# Laser distance meters, recommendations please



## user1007 (Sep 23, 2009)

What kind of distances are you measuring and to what degree of accuracy? Indoors or outdoors? Sure a laser is what you want?


----------



## Spud (Apr 23, 2008)

sdsester said:


> What kind of distances are you measuring and to what degree of accuracy? Indoors or outdoors? Sure a laser is what you want?


Indoors and outdoors.
Length , 3 fullsize crew cab pickups.
Accuracy, trying for 1mm.


----------



## user1007 (Sep 23, 2009)

I have a Northwest somewhat like the one shown for about $150 that is supposedly accurate to 1.5mm. See if any at the URL will work for you?

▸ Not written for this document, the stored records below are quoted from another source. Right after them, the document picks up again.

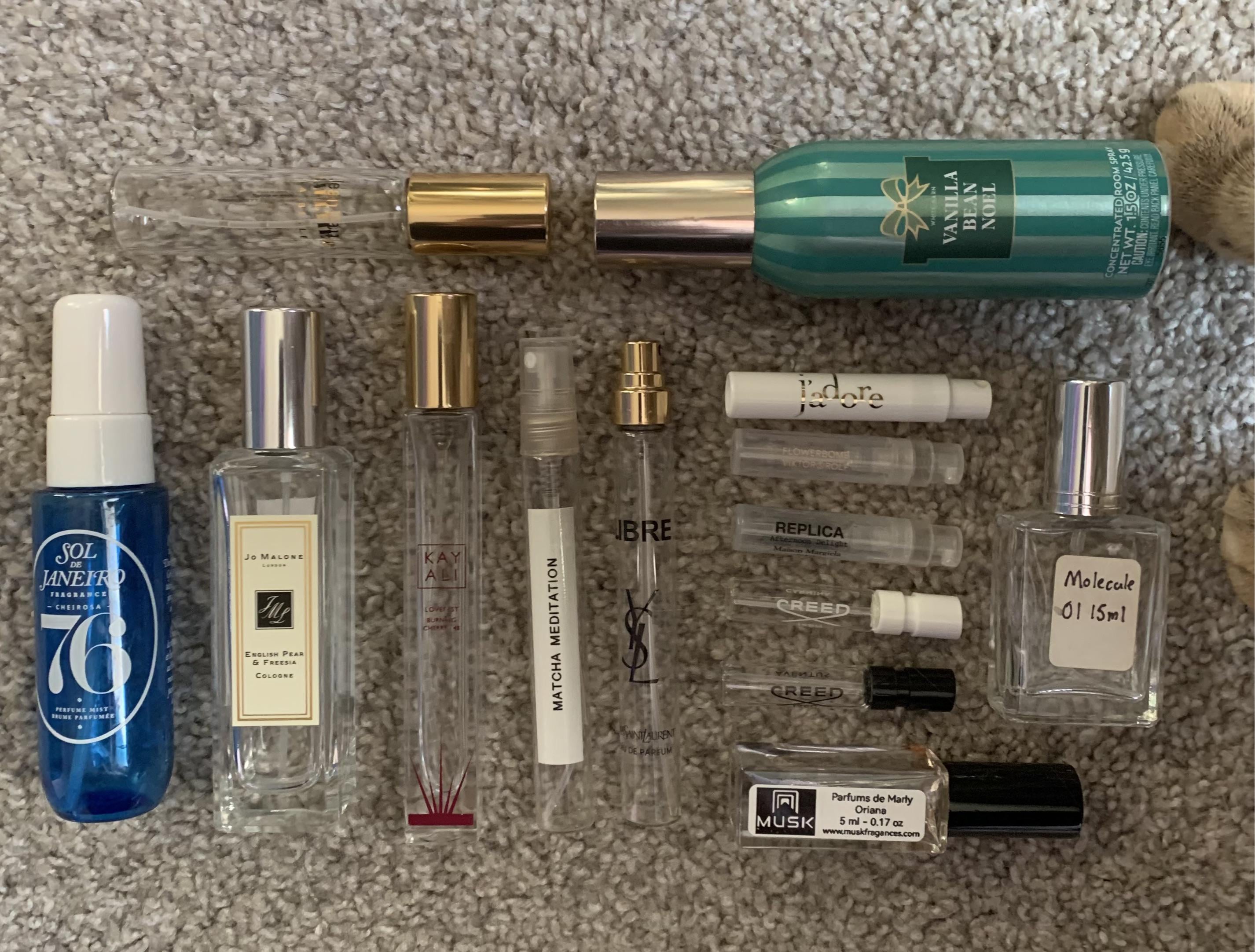 Products: Sol de Janeiro 76, Jo Malone English Pear and Freesia, Kayali Lovefest Burning Cherry, Replica Matcha Meditation, YSL Libre, JPG La Belle, BBW Vanilla Noel (Room Spray), Dior J’adore, V&R Flower Bomb,Replica Afternoon Delight, Creed Aventus (and I can’t read the other one now, sorry!), Parfums de Marly Oriana, Wccentric Molecules Molecule 01.
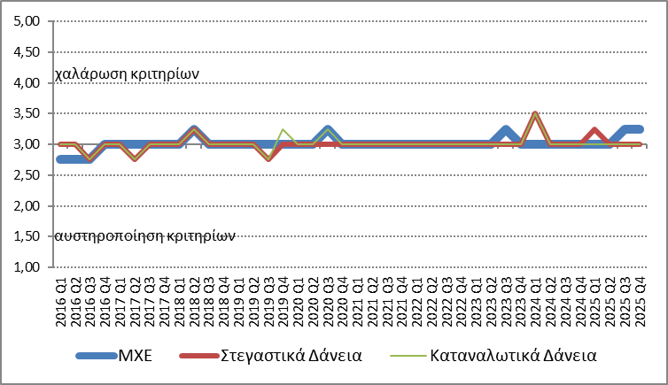 Κατά το δ΄ τρίμηνο του 2025, τα κριτήρια χορήγησης στεγαστικών και καταναλωτικών δανείων προς τα νοικοκυριά παρέμειναν αμετάβλητα, σε σχέση με το γ΄ τρίμηνο του 2025 (Διάγραμμα 1), ενώ αμετάβλητα αναμένεται να παραμείνουν και κατά τη διάρκεια του α΄ τριμήνου του 2026. Οι συνολικοί όροι χορήγησης στεγαστικών δανείων έγιναν πιο χαλαροί ως έναν βαθμό κατά την διάρκεια του δ΄ τριμήνου του 2025, στο πλαίσιο διεύρυνσης της δανειοδοτικής δραστηριότητας κυρίως μέσω της ελάφρυνσης των επιβαρύνσεων εκτός τόκων. Οι συνολικοί όροι χορήγησης των καταναλωτικών και λοιπών δανείων παρέμειναν αμετάβλητοι για το δ΄ τρίμηνο του 2025.
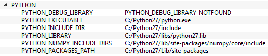 - 另请确保在 PYTHON 字段中,所有内容都已填写。(忽略 PYTHON_DEBUG_LIBRARY)。参见下图:
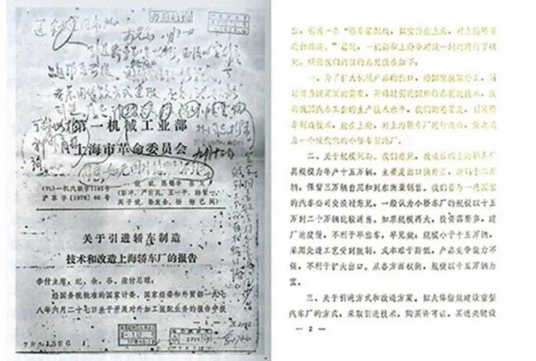 1978年,第一机械工业部与上海市革委会关于在上海引进国外汽车技术的审批文件,后经与多家国际车企反复洽商,大众首先脱颖而出并衍变为双方设立合资公司。
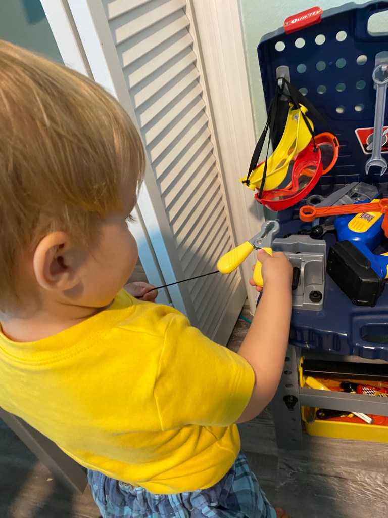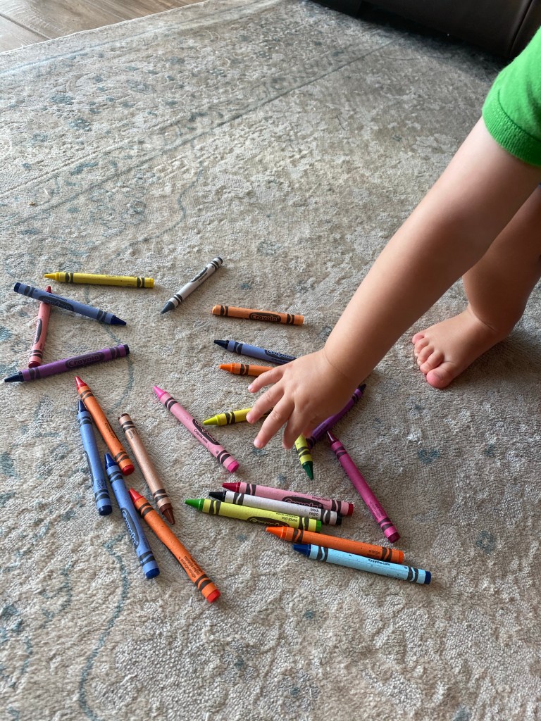 –Crayon color sort: Each day we dumped out a box of 24 crayons and I had my little find all the crayons that matched the color of the day. I started by finding the first one for him then asking him to find the other crayons that were red etc.
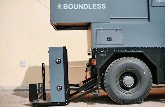 箱体采用六明治箱体复合材料,其开发的初衷为高安全性和高保温性,大量高科技材料的应用使6CM厚的箱体达到了红砖24墙的保温效果。高强度铝合金骨架经过热断桥处理,附重部分采用铝包木结构,使箱体工艺具有安全系数高,隔音隔热一流的特点,且在整车发生翻滚时起到保护坐乘人员的作用。重汽豪沃越野房车车窗采用越野房车专属车窗,配英国品牌遮阳帘和防蚊网。尾部20000T-MAX 24伏电动绞盘,备胎电动挂在系统,加挂两个外部储物盒。1600AH锂电,400升净水的超大水电系统是长期驻车的保障。自吸水功能可在水源处随意补水,美国红橡实木家具牢固可靠,液压尾架可提升2吨级重物(例如哈雷,宝马ADV等)。安全可靠,美观舒适是我们的设计原则。全国千家服务站是安全用车的保障。

Needing one to work outside is the tricky part; make sure you get one bright enough as the glasses only help so much. Look for one that will calculate triangles to give you the length of one side. Just another way of tweaking accuracy to what you need. I haven't shopped for one in awhile and am pleased to see prices have actually dropped some.

http://www.engineersupply.com/laser-measurers.aspx










I used my digital measuring things mainly to get square footage indoors or to do quick basic floorplans and I did not require the accuracy you do. Nothing against lasers but also look at sonic and even GPS measuring devices. They use GPS now to plumb skyscrapers.

Please post what you decide to get. I am curious.


----------